In modern medical practice, an alternative to gypsum method of fixing injured limbs – orthoses – is increasingly being used.

The method is based on wearing a special orthopedic product at the site of a bone fracture, dislocation, soft tissue injury, to restore their previous performance.

The choice of an ankle brace for ankle fractures depends on the stage of the process. In the acute period, the choice of a doctor will stop at a rigid orthosis, which will eventually be replaced by a semi-rigid one, and then an elastic one.

Orthosis functions:

  • full or partial immobilization
  • direction or restriction of movement
  • reducing the load on the damaged area
  • prevention of secondary damage during early cast removal
  • shape correction
  • ease of movement or relief of pain

Indications for ankle orthoses
Direct indications for the use of orthoses include:

  • ankle fractures
  • dislocations and subluxations in the ankle area
  • ligament injuries of varying complexity
  • a whole range of inflammatory and degenerative diseases
  • ankle instability
  • childhood congenital anomalies, rickets and others
  • injury prevention in athletes and overweight people

Types of ankle orthoses:

  • Rigid (degree of fixation: full)

After fractures, long-term immobilization of the joint is necessary. With the task of long-term complete immobilization of the joint, a rigid orthosis does an excellent job. Such an orthosis contributes to the correct fusion of the bone so that the motor function is restored to the fullest extent.

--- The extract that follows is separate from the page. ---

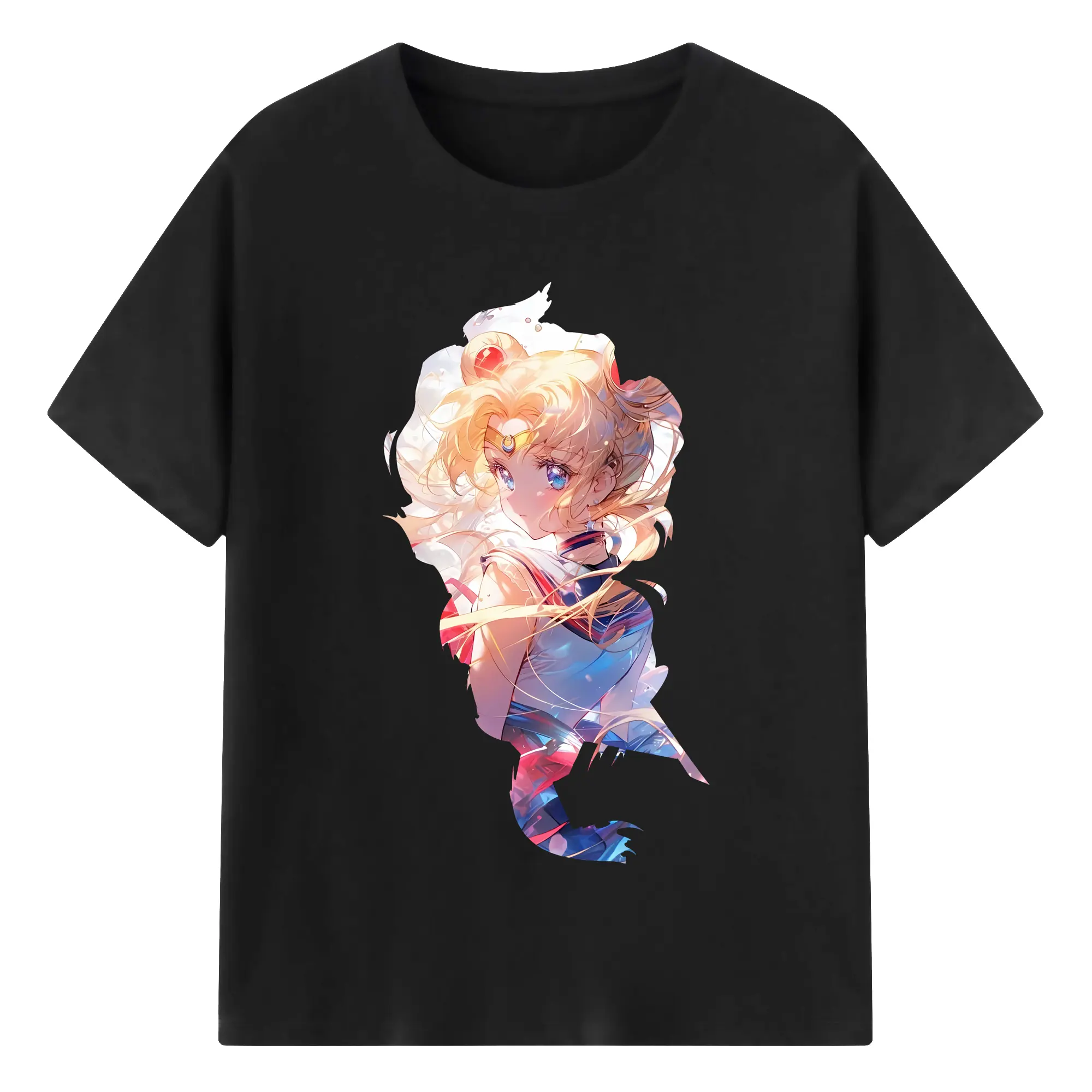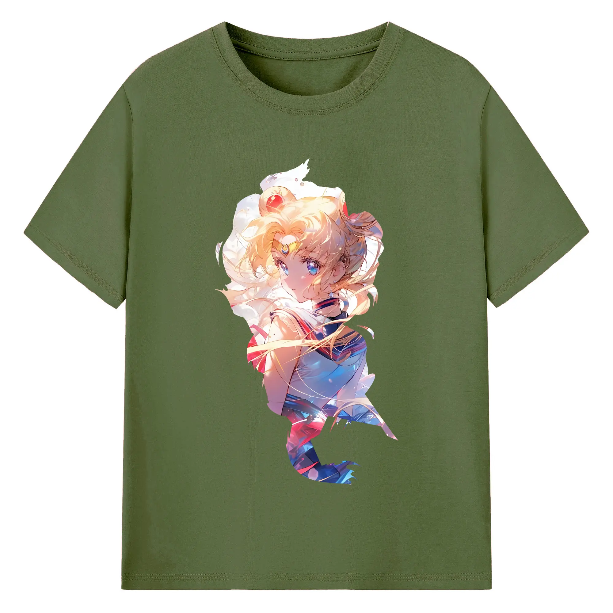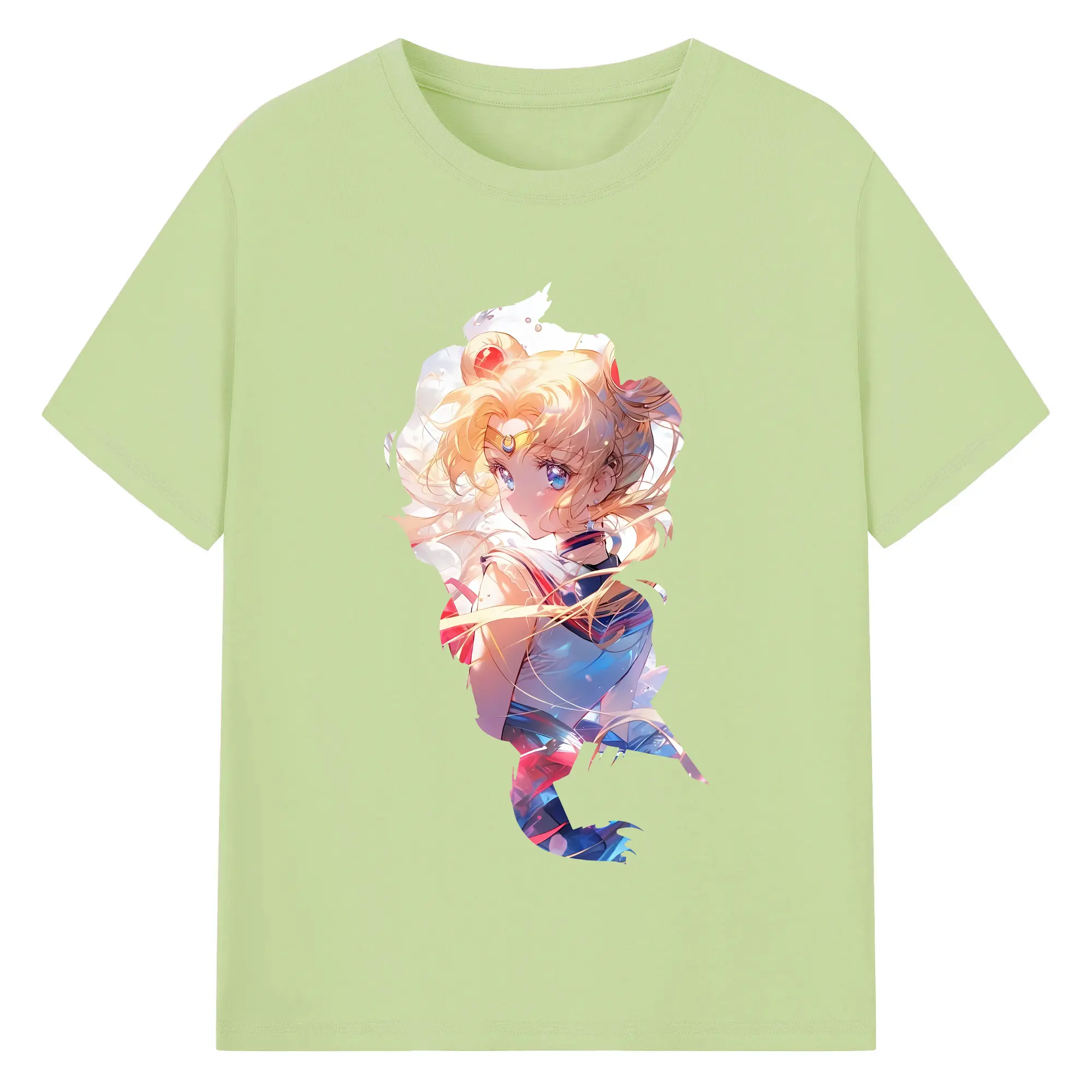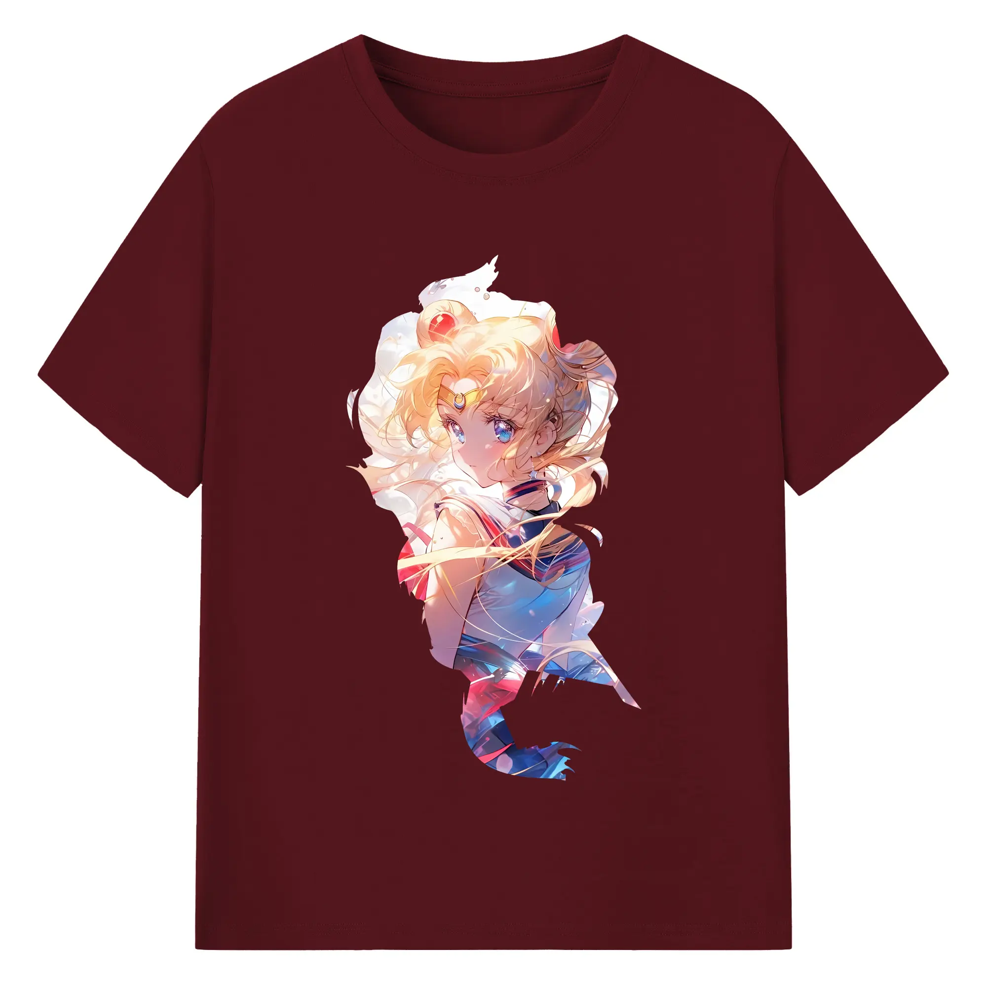 美少女戦士セーラームーン グッズ 月野 うさぎ - 綿100% 半袖Tシャツ ・ バックプリント ・ 快適 通気性 ・ 日常使い 散歩 スポーツ用

The brace is a comfortable, breathable design that visually resembles a boot with zippers or Velcro.

  • Semi-rigid (Hold: strong)

The use of a semi-rigid orthosis is necessary during the rehabilitation period after an injury. which allows you to treat not only fractures, but also other diseases of the bone and articular systems.

Used for Achilles injuries and ligament injuries.
This orthosis fits into everyday shoes.

  • Stretch (hold: light, medium)

Used by athletes to prevent joint injuries. Such models are comfortable in everyday wear, as they do not cause discomfort.

The bandage will help to provide additional support to the ligaments and joints during intense activities, so that the likelihood of damage to them will be minimal. If you often run, play football, volleyball or other active sports, such devices are simply indispensable for you.